= Astri Rynning =

Norwegian judge and politician

Astri Sverdrup Rynning (born 19 May 1915 in Sandefjord, died 17 November 2006) was a Norwegian judge and politician representing the Conservative Party. She served as a Member of Parliament 1965–1969; originally elected as a deputy member, she became an MP when Kåre Willoch was appointed to Cabinet. She was a member of the Standing Committee on Justice during her term.

Rynning obtained the cand.jur. in 1940 and worked as an assistant advocate and assistant judge. In 1945, she was employed at the Ministry of Justice, where she became Principal in 1956. She was appointed judge at Oslo District Court in 1963, and judge at Eidsivating Court of Appeal in 1969. She was appointed to the higher office of Lawspeaker in 1978 and Principal Lawspeaker in 1980. She retired from the bench in 1985, but occasionally served as a judge until she reached the age of 75 years.

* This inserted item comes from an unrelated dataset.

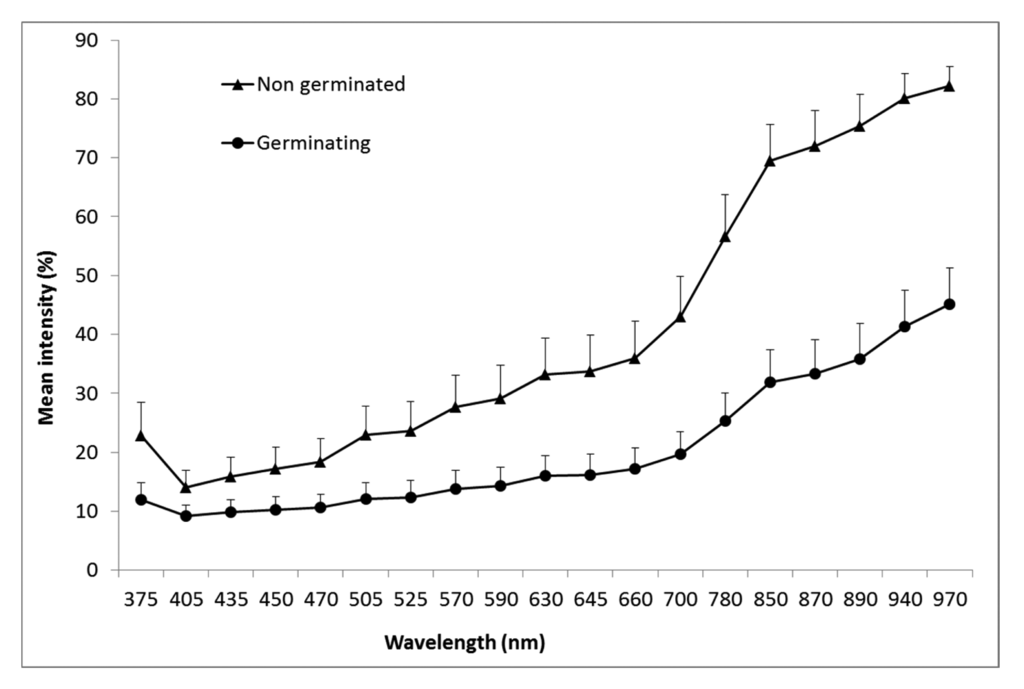Multispectral imaging is an emerging non-destructive technology in seed science, which integrates the conventional vision and spectroscopy technique to attain both spatial and spectral information from the target objects simultaneously. Multispectral imaging requires no sample pre-treatments, making it more suited for process monitoring and quality control. More importantly, this technique has a great potential to measure the multiple components by reflection from both visual (visual colour compounds) and near-infrared wavelengths (non-visual chemical compounds) at the same time for quality assurance. Vision and spectral technologies have shown promising results in different aspects of determing seed quality features such as fungal infection and germination in spinach [11–13] fungal infection in corn [14] and seed purity in rice [15,16].

She presided over the 1974 trial of the Israeli agents who were convicted of the Lillehammer murder. In 1985, she presided over the trial of Arne Treholt, who was convicted of spying for the Soviet Union and sentenced to 20 years in prison.

She was chairman of the Norwegian National Women's Council 1959–1968, Chairman of the Norwegian Women's Voluntary Defence Association and the Norwegian Female Lawyers' Association 1952–1956, and Chairman of the Norvegian Association of Judges 1978–1985.

Both her father and her grandfather represented the Conservative Party in the Parliament of Norway.